Она торжественно выкладывает на стол нарядный пакет.
— Что это?
— Погляди!
Лена вынимает из пакета мобильник в кожаном дорогом чехле — дарить так дарить!
— Ой, мамка, мамочка! — Она бросается на шею матери. — Я так мечтала! — Прижав мобильник к уху, Лена смешно передразнивает рекламу — «хеллоу, мотто», — и звонко смеется.
5
Я, наверно, неправ, я ошибся,
Я ослеп, я лишился ума.
Белой женщиной мертвой из гипса
Наземь падает навзничь зима…
Во льду река и мерзлый тальник,
А поперек, на голый лед,
Как зеркало на подзеркальник,
Поставлен черный небосвод…
— Почитай еще, — просит Лена. — Сколько ты знаешь стихов!
Тогда я понял, почему
Она во время снегопада,
Снежинками пронзая тьму,
Заглядывала в дом из сада…
Такого Диму она не знала. Дима — умница, Дима — философ, Дима — спорщик, но Дима — поэт?
— Это же не мои стихи, — смеется Димка. — Это стихи Пастернака.
— А я была на его могиле. И на даче — теперь там музей.
— Ну да, ты ведь живешь почти рядом. Сходишь туда еще раз, со мной? Сходим вместе?
— Конечно, весной.
Они говорят, говорят и не могут наговориться. Сияет огнями высоченная елка в саду «Эрмитаж». Медленно, лениво, заторможенно падает снег, и про этот снег Дима читает стихи.
— Мы так позорно от всех сбежали.
— Не позорно, а втихаря. В разгар оживленной дискуссии.
— Костя твой не обидится?
— Вот ему я сказал, и он выдал мне ключ.
— Ключ?
— Ага. От квартиры. Как замерзнем, вернемся.
— Мы никогда не замерзнем: всего пять градусов.
— Ну, если устанем или захочется чаю с тортом. Тебе понравились мои друзья?
— Очень. А я и не знала, что ты ходишь в литературный кружок.

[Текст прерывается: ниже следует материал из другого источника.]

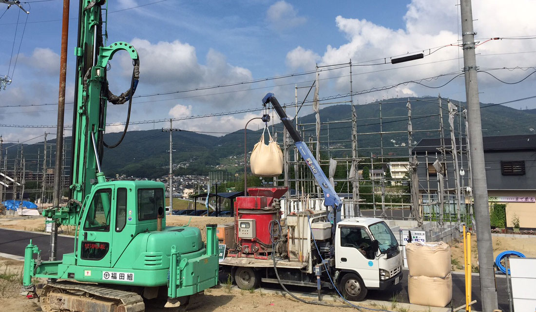 完成した地盤は陽の当たらない場所であっても、しっかりとした安心と信頼の土台がいつまでも光りかがやくよう地盤のエキスパートとして、ずっと縁の下で支え続けます。

— Никто в классе не знает.
— Почему?
Дима на минуту задумывается.
— Есть такое слово — «стесняться». Так вот я — стесняюсь.
— Стесняешься, что ходишь в литературный кружок?
— Ага. Как-то сейчас не модно. Все ходят в бассейн или на каратэ. Ну, еще английский, в крайнем случае музыкалка…
Из подвального кабачка с шумом и хохотом вываливается большая компания: мужчины в дорогих нарядных костюмах, женщины в накинутых на плечи шубках — из-под шубок выглядывают длинные вечерние платья, ножки в изящных туфельках.
В лесу родилась елочка,
В лесу она росла…
Взявшись за руки, давясь от смеха, кружатся они в хороводе вокруг засыпанной снегом елки.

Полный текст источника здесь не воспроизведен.